What Amazon did is basically "take best out of the shelf ARM core and cram as many as we can fit on chiplet". And some real innovation on system level too, this 3 chips on rack thing is proving them with 192C where AMD and Intel's most popular 2S systems will struggle to match them in "rack" throughput.
 

moinmoin

Diamond Member
Jun 1, 2017
5,248
8,462
136
Apparently they have halved the number of PCIe lanes from Graviton 2:


So that means they've dropped to only 32 lanes of PCIe, which will be a big part of the power savings. I'd be surprised if AMD does the same on their PCIe5 platform.

Sounds like they kept 8 channels of memory, but increased to DDR5-4800.
Where did you get the info that Amazon has halved the number of PCIe lanes from Graviton 2? If it's from that fluffy way overly wordy nextplatform text, that's just nextplatform nonsensically raving about PCIe 5 having doubled bandwidth over PCIe 4 and as such needing only half the lanes for the same bandwidth, duh. Beyond using PCIe 5 there's no mention of Graviton 3's actual PCIe configuration in there at all.

this 3 chips on rack thing is proving them with 192C where AMD and Intel's most popular 2S systems will struggle to match them in "rack" throughput.
Genoa will match and Bergamo surpass it in core count (never mind thread count).

The big difference is not performance density but power consumption, the resulting TDP and the necessary cooling infrastructure.
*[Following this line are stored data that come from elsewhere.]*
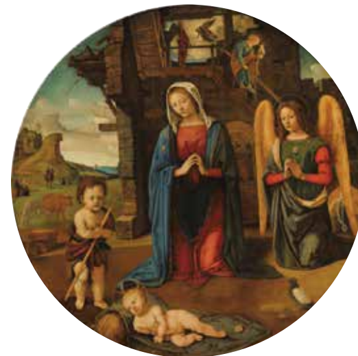
The Nativity with the Infant Saint John, Pietro di Cosimo

Intersections, a series of projects explores the way two, sometimes radically,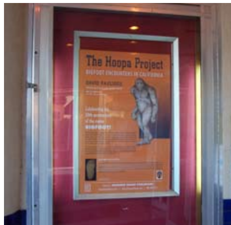
The poster out front in the entrance

When I began taking notes he was talking about the Bluff Creek area and the Hoopa Valley. He began his research to find a study area on the internet, like many of us do, reading reports on the various databases. Using his experience in the business world to collect and collate bigfoot accounts, he was able to reproduce statistical reports that would narrow his geographic search for the optimal research area. He focused his search in California, Oregon and Washington and soon had statistics for reports in every county of these states. Humboldt County in northern California registered a high number of bigfoot sightings and within this region, Willow Creek, CA stood out as the bigfoot capital.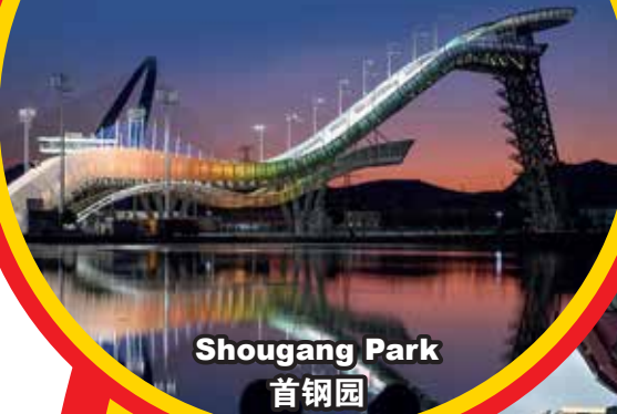
Shougang Park 首钢园

If Amazon's solution were available on the open market many data center may well choose this instead moving from air to water cooling, but it isn't so this may well turn out to be a miss for Arm-based servers overall...
 
Last edited:

LightningZ71

Platinum Member
Mar 10, 2017
2,536
3,227
136
I hadn't even thought about thread count As I recall, the NeoVerse V1 is a single thread processor. Zen3 and Zen4 are SMT2. Assuming that Genoa is still going to be 96 cores (12 CCDs, 8 core CCX), that 192 threads PER socket, and 384 threads per 2S system. I can't imagine that they will have a problem with system throughput, even if they have to dial back clocks a lot to keep power draw reasonable. This should be an interesting race...
 

jpiniero

Lifer
Oct 1, 2010
16,823
7,267
136
The big difference is not performance density but power consumption, the resulting TDP and the necessary cooling infrastructure. If Amazon's solution were available on the open market many data center may well choose this instead moving from air to water cooling, but it isn't so this may well turn out to be a miss for Arm-based servers overall...
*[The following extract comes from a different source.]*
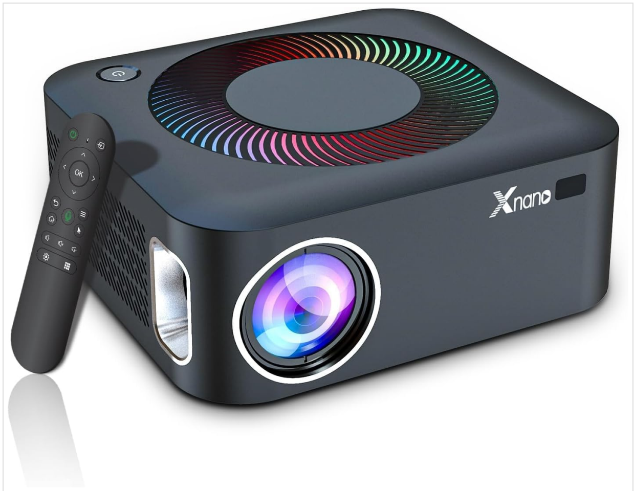
Image: The XNANO X5A projector shown with its accompanying remote control.

Cloud is a big chunk of the market. I wouldn't be surprised if the majority of Epyc sales are to Cloud for instance.
 

moinmoin

Diamond Member
Jun 1, 2017
5,248
8,462
136
I hadn't even thought about thread count As I recall, the NeoVerse V1 is a single thread processor.
The only ARM core with SMT Arm launched so far is A65 back in 2018. That that A6x line hasn't been updated since makes me think either Arm isn't interested in pursuing SMT further or there is not enough demand for it.
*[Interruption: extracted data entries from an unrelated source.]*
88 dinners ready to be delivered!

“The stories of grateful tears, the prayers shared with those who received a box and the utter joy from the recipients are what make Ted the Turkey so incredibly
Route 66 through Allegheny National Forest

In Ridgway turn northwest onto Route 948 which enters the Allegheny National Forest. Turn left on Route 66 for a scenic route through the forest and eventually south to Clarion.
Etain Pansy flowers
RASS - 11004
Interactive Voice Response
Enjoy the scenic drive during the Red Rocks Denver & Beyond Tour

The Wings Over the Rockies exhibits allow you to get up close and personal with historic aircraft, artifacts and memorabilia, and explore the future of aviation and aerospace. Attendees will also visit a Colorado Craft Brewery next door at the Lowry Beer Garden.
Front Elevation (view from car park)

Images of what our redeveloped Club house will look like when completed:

Cloud is a big chunk of the market. I wouldn't be surprised if the majority of Epyc sales are to Cloud for instance.
I think we presumed before (since the launch of Naples which main selling point at the time was increasing core density over Intel's offerings) already that most sales are to cloud, and that AMD is trying to expand from there to the slower moving enterprise market.
 

Hitman928

Diamond Member
Apr 15, 2012
6,696
12,373
136
Cloud is a big chunk of the market. I wouldn't be surprised if the majority of Epyc sales are to Cloud for instance.

This is correct, cloud customers make up the bulk of AMD's Epyc sales. Additionally, while AMD is starting to get a bigger foothold into the enterprise market, the cloud market is only growing, so they are doing a lot to try and keep those customers happy and continually buying Epyc.